Teaching Machines to Be Fair: The Fight Against Algorithmic Bias

When AI Gets It Wrong: Teaching Machines to Be Fair

Picture this: You are applying for a loan, and an AI system instantly rejects your application. Not because your credit score or income, but because you belong to a demographic group that was historically denied loans. The algorithm learned from past data that reflected decades of discrimination. Now it is repeating those same mistakes at lightning speed.

This is the problem I have been wrestling with for the past few years of my PhD at Linköping University. How do we build AI systems that recognize and counteract bias instead of amplifying it?

The Hidden Problem in AI Systems

AI models learn from historical data. Sounds reasonable, right? But here is the catch: historical data is messy, biased, and often reflects societal inequalities we are tyring to overcome. When we train models on healthcare records, criminal justice data, or financial information, we are essentially teaching them to maintaining existing discrimination.

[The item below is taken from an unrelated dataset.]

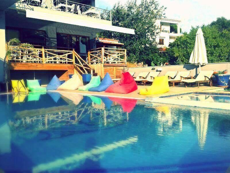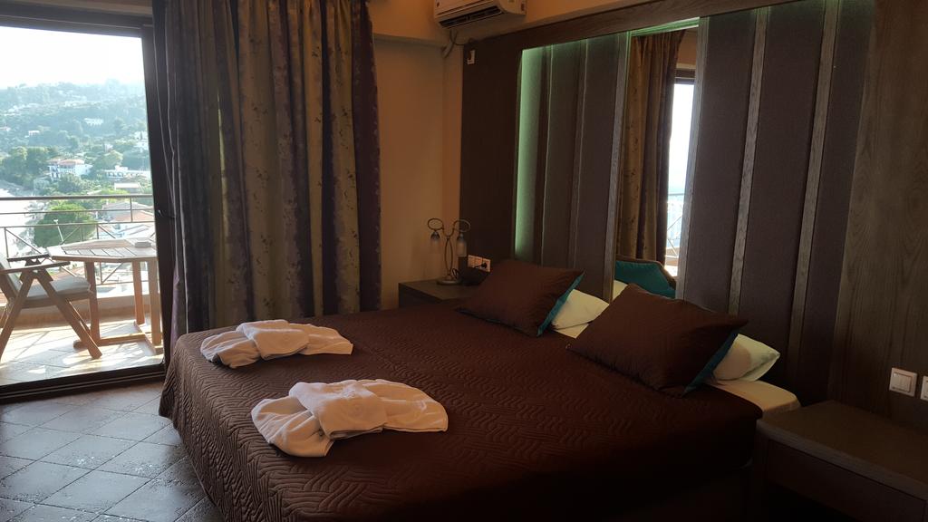 Ubicato a Sciato, a pochi passi dalla spiaggia e a 900 metri dal Papadiamantis House Museum, l'Aria offre una piscina all'aperto, un ristorante e sistemazioni con vista sulla piscina e sul giardino.

The problem gets even trickier when we consider intersectional bias, where the compounded discrimination affects people with multiple marginalized identities. An AI system might appear “fair” when look at sensitive attribute like race or gender alone. But what about darker-skinned women? Or elderly individuals from minority communities? These intersectional groups often face unique forms of discrimination that traditional fairness approaches completely miss.

Two Paths to Fair AI

My research explores two strategies for tackling these challenges:

First, I developed methods to generate synthetic data that removes discriminatory patterns while keeping the data useful for real-world applications. Think of it as creating practice datasets where AI can learn to make good decisions without picking up our bad habits.

I created two systems for this: Bt-GAN for healthcare data, which tackles the challenge of medical records where biases run deep, and FLDGMs (Fair Latent Deep Generative Models), which works across different types of data.

The results were promising. When we tested Bt-GAN on real healthcare datasets, it achieved near-perfect demographic parity (reducing discrimination from 23.9% to just 0.1%) while maintaining the data quality needed for clinical predictions. FLDGMs showed similar success across financial and criminal justice datasets, proving that fair AI does not have to sacrifice accuracy.

Second, I developed techniques that teach AI models to extract “fair features” from biased data. Instead of treating fairness as something you add at the end, these approaches build it directly into how the model understands and represents information.

One method uses knowledge distillation, a teacher model learns to be accurate, then passes that knowledge to a student model that’s also trained to be fair. Another approach, called Diff-Fair, uses diffusion models to gradually refine how the AI sees the data, making sensitive attributes like race or gender irrelevant to its decisions.

Making Fairness Measurable

One of the frustrating aspects of fairness research has been the lack of standardized tools. Researchers were using different metrics, different evaluation methods, and it was nearly impossiblem to compare approaches or know what acutually works in practice.

To address this, I built FairX, an open-source benchmarking platform that provides a unified way to evaluate both fairness and data quality. It’s designed for researchers and practitioners who need to assess whether their AI systems are actually fair, not just whether they seem fair on paper.